HuggingFace Embeddings are used since they can be run locally and can be configured to take advantage of available GPUs.

In [None]:
__import__('pysqlite3')
import sys
sys.modules['sqlite3'] = sys.modules.pop('pysqlite3')
import chromadb

import bs4
import os.path
from langchain import hub
from langchain_community.document_loaders import WebBaseLoader
from langchain_community.chat_models import ChatOllama
from langchain_community.vectorstores import Chroma
from langchain_core.output_parsers import StrOutputParser
from langchain_core.runnables import RunnablePassthrough
from langchain_core.prompts import ChatPromptTemplate
from langchain_text_splitters import RecursiveCharacterTextSplitter
from langchain_community.embeddings import HuggingFaceEmbeddings
from sentence_transformers import SentenceTransformer
from typing import List
from IPython.display import display, Markdown

model = ChatOllama(model="mistral:instruct",
                   base_url="http://ollama-api-service.ollama-llm.svc.cluster.local:11434",
                   temperature = 0)

embedding = HuggingFaceEmbeddings(model_name="all-MiniLM-L6-v2",model_kwargs={'device': 'cuda'})

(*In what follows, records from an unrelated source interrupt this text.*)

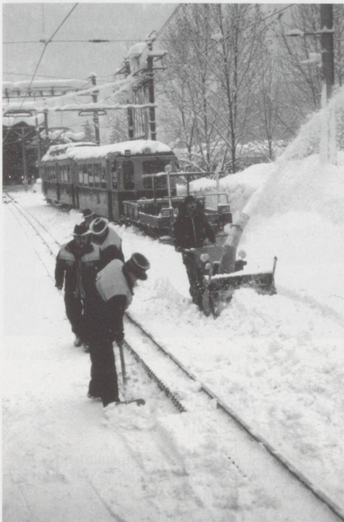
Lauterbrunnen. Feb 99.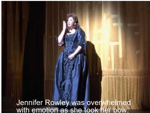
Jennifer Rowley was overwhelmed with emotion as she took her bow.

performance it was evident that she had lived every emotion with Adriana. Apart from the three principal singers, I'd like to add a word about Ambrogio Maestri in the role of Michonnet. Mr. Maestri is a delightful larger than life presence, also seen at the Met in the title role of Falstaff and as Dulcamara in L'elisir d'amore , but this role was different. Michonnet is a fatherly figure who loves Adriana. Although love has passed him by, he is a faithful and loving friend to Adriana and Mr. Maestri brought an affectionate poignancy to the role.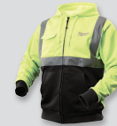
High Visibility Heated Hoodie Kit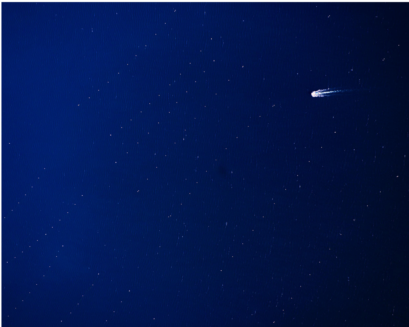
boat patrols along the buoy rows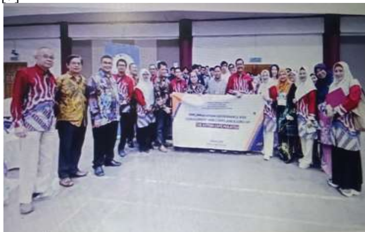
Figure 2. Group Photo of PKM-I Participants from UNPAM, PCA and PSA Polytechnic Malaysia

In line with the signing of the work of the three participants, PCA, PSA Polytechnic Malaysia and UNPAM, PCA also carried out a cooking demonstration which was entirely carried out by autistic sufferers who are members of PCA Malaysia. This activity certainly needs to be appreciated considering that PCA Malaysia has succeeded in enabling autistic sufferers to rediscover their identity as people who can benefit society and their environment. Apart from this, the participants and autistic sufferers from PCA also held a unique exhibition, where on this occasion they displayed their work in the form of various handicrafts, knitting products and various cakes, all of which were purely produced by them. On this occasion, in accordance with the PKM-I theme, the Rector of UNPAM emphasized the importance of the QRIS payment application in Malaysia, considering that Indonesia has proven it for almost 4 years since August 2019 and in 2023, QRIS users in Indonesia are almost 46 million [9].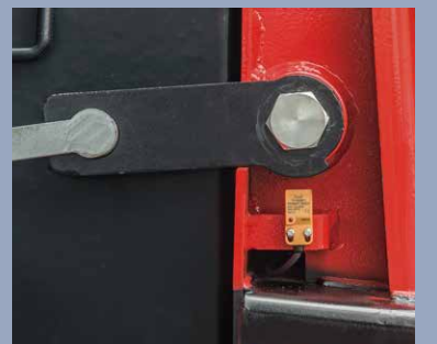
The locking device of the battery is provided with the safety protection function. Only if the locking device is rotated in place, the tractor can travel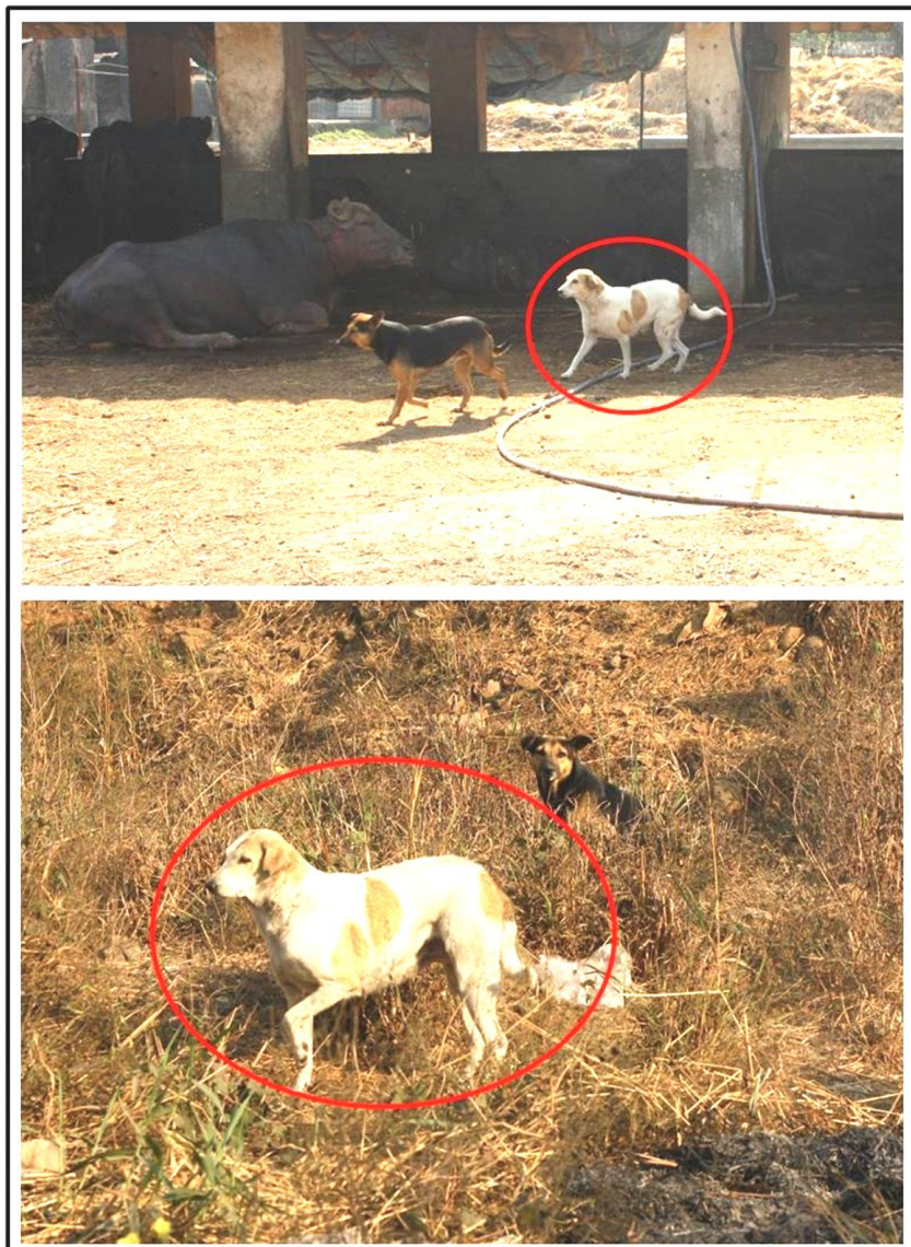
Fig. 2. The image indicates photographs obtained for a distinct naturally marked dog over two secondary sampling intervals in Aarey Milk Colony, India.

[34]. This is similar to Bowden's estimator in the NOREMARK program [24]. As marks were individually identifiable, we used individual heterogeneity models with the data, since we expected individual dogs to have differential sighting probabilities. We used the time-constant models, with or without individual heterogeneity parameters. Since some convergence issues occurred for values of \sigma (individual heterogeneity parameter) for the time-constant model with heterogeneity, we manually supplied initial values covering the probable range of parameters in the three models. We also used other options to overcome convergence issues for values of \sigma , such as the 'Alt.Opt.method' and 'Do not standardize design matrix' in another two models. In all we used seven time-constant models, the first six of which represented the time-constant model with individual heterogeneity, with various options as described above. The last model represented the time-constant model without the individual heterogeneity parameter (where \sigma was fixed to zero). Model comparison was performed in an information-theoretic framework using Akaike's information criteria corrected for small sample size (AICc).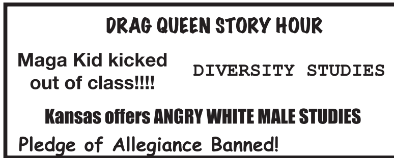
Figure 2. Headlines like these are common in right-wing news.

One frequently circulating story is one where a student is kicked out of class for supporting trump or wearing a trump hat. One example reads: “High school student wears MAGA hat, gets berated by leftist teacher and told he’s not entitled to learn, then evacuates class!” 1 This circulation of headlines like these creates an idea of leftist educational hegemony. They construct the right as a marginalized group, and the liberals who criticize them as the bigots and oppressors.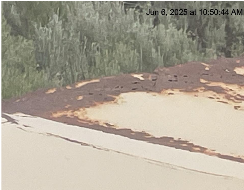
Photo # 6902 From inspection/audit 708906677 conducted on 06/06/2025 Tank failure Multiple holes in tank/tank lacks integrity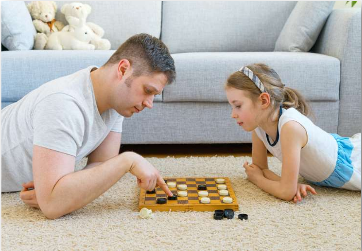
Figure 9 – father daughter checkers

I ask them questions as to see what they think (don't ask yes or no questions, ask questions they need to think about). I try and give them several perspectives of my thoughts on the subject matter. Some of my lesson have object lessons to help drive home the point but it is a good way to get your child mobile. You don't have to do this but sometimes I will plan these lessons for the entire family and we will go out to dinner. This isn't always the best as you do need and want that one on one interaction with your child.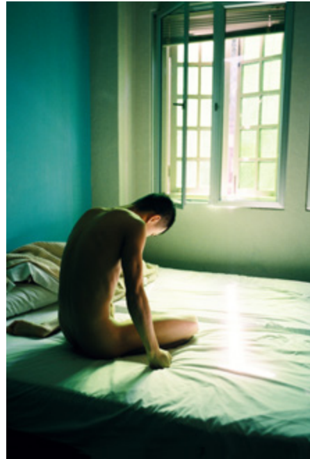
LS02 Lin Zhipeng (aka N°223) Green light , 2010 Pigment print © N°223, courtesy in)(between gallery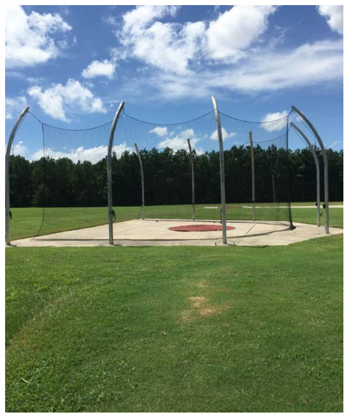
Current Javelin and Discus Cage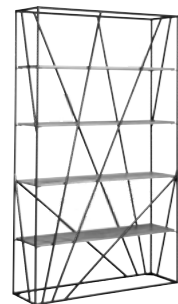
Foundry 200 Shelves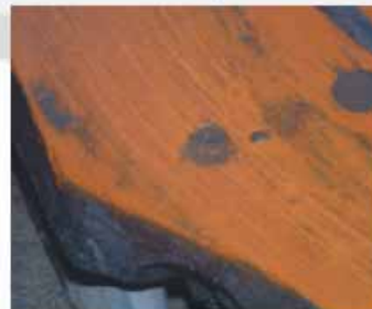
JOST JSK37C fifth wheel worn down to below the allowable level.

The accompanying sketch shows the control dimensions of a 2" kingpin. The dimensions in brackets denote the minimum wear dimension and, once the kingpin is worn down to these minimum dimensions, it should be replaced without delay.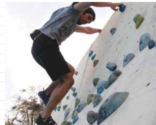
Sports at UANDES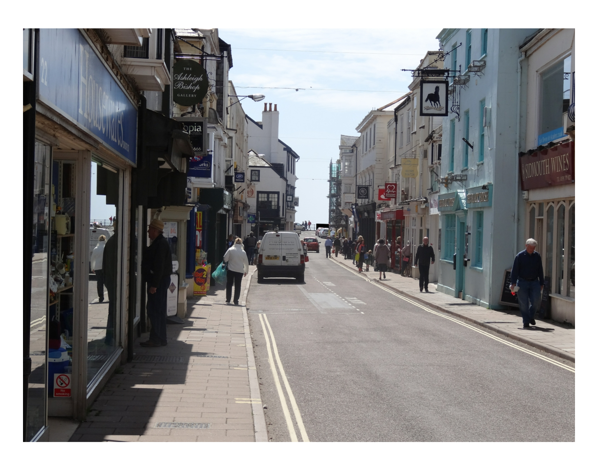
New height of 66 cm above existing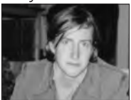
David Gordon Green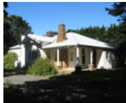
Fiskville manager's residence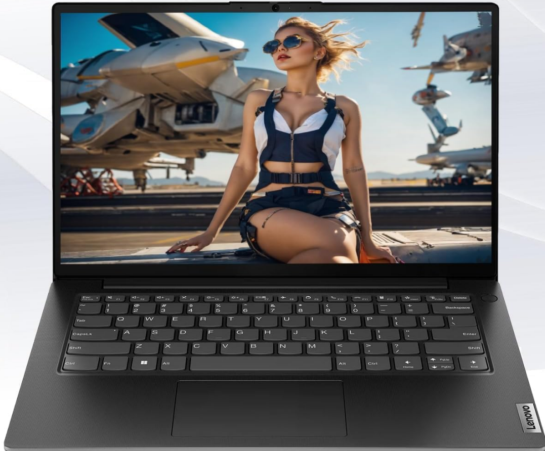
Image: Lenovo Business Laptop displaying a person on its screen, illustrating the immersive audio experience.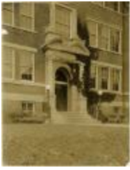
William Smith Hall (MS 0061-25-11-047)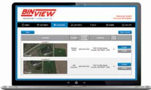
Location view on a PC

# Gather Data, Chunk it and Store it in the vector store

If the database is not present, then create it by downloading and chunking the files.  If it is present, then just load it.

In [None]:
persist_dir = "db"

check_file = "False"

path = 'db/chroma.sqlite3'

check_file = os.path.isfile(path)

if check_file is False:
    urls = [
        r'https://access.redhat.com/documentation/en-us/red_hat_enterprise_linux/9/html-single/performing_a_standard_rhel_9_installation/index',
        r'https://access.redhat.com/documentation/en-us/red_hat_enterprise_linux/9/html-single/performing_an_advanced_rhel_9_installation/index',
        r'https://access.redhat.com/documentation/en-us/red_hat_enterprise_linux/9/html-single/configuring_basic_system_settings/index',
        r'https://access.redhat.com/documentation/en-us/red_hat_enterprise_linux/9/html-single/security_hardening/index',
        r'https://access.redhat.com/documentation/en-us/red_hat_enterprise_linux/9/html-single/composing_a_customized_rhel_system_image/index',
        r'https://access.redhat.com/documentation/en-us/red_hat_enterprise_linux/9/html-single/upgrading_from_rhel_8_to_rhel_9/index',
        r'https://www.redhat.com/en/resources/red-hat-enterprise-linux-subscription-guide'
    ]
    
    loader = WebBaseLoader(urls)
    
    docs = loader.load()
    
    text_splitter = RecursiveCharacterTextSplitter(chunk_size=1250, chunk_overlap=0)
    
    splits = text_splitter.split_documents(docs)
    
    vectorstore = Chroma.from_documents(documents=splits, embedding=embedding, persist_directory="db")

else:
    
    vectorstore = Chroma(persist_directory=persist_dir, embedding_function=embedding)
    
retriever = vectorstore.as_retriever()

# Run the RAG

In [None]:
from langchain_core.runnables import RunnableParallel
from typing import List
from langchain_core.documents import Document


# Prompt
rag_template = """
Given a question write an answer.
Use only the supplied source docs.
If you don't know the answer, just say that you don't know.  Do not fake the answer.
If the answer is relevant, then ALWAYS include a "SOURCES" part in your answer.

QUESTION: {question}
=========
{source_docs}
=========
ANSWER: 
"""

rag_prompt = ChatPromptTemplate.from_template(rag_template)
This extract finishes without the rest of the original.